The Prime had been about to get up when Kumaran spoke. Now, he collapsed back into his chair, staring at the old man curled up in the chair next to his. None of the others on the lawns were paying attention to them as most of them seemed to be wrapped up in their own worlds. Kumaran spoke again.
 
"As I said, Prime Minister, what the Friday Evening Club talked about is taboo even today. Yes, your brother did take part in these activities, though I have to say, he was vociferously conservative and rarely went against prevailing notions in society."
 
The Prime felt a flush of pride for his brother. Swallowing his anger, he looked at Kumaran again.
"Go on, then." He said. "What else did you talk about?"
 
"Many, many things." Replied Kumaran. "Oh, for instance, we used to discuss women a lot. And their rights."
"Their rights?" asked The Prime. "What do you mean, their rights?"
"Ah, you poor poor man." Said Kumaran. "Surely, you're aware Prime Minister, that women were once considered citizens as well? In fact, I believe that is still the norm in many countries today."

"A despicable norm." Spat the Prime. "It's disgusting, considering women to be equal to men!

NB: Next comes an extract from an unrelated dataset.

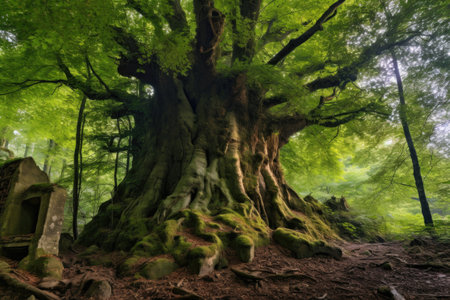 majestic ancient tree in the heart of the forest, created with generative ai

Why, it is no wonder that so many of these countries of yours are morally depraved and sunk in sin..."

"Is that so?" asked Kumaran. "What then, is your opinion on a woman's rights?"
"Why, what the people decided them to be!" cried the Prime. "Didn't the people decide, decades ago, that a woman has only one right and that is the right to be the property of a man?"

"Did they?" asked Kumaran. "If I recall correctly, the first such judgement that was passed said that a wife was the property of her husband and an unmarried woman was the property of her father. That particular judgement barely passed voting with only 51.02% voting in favour. That means practically half the country voted against the judgement."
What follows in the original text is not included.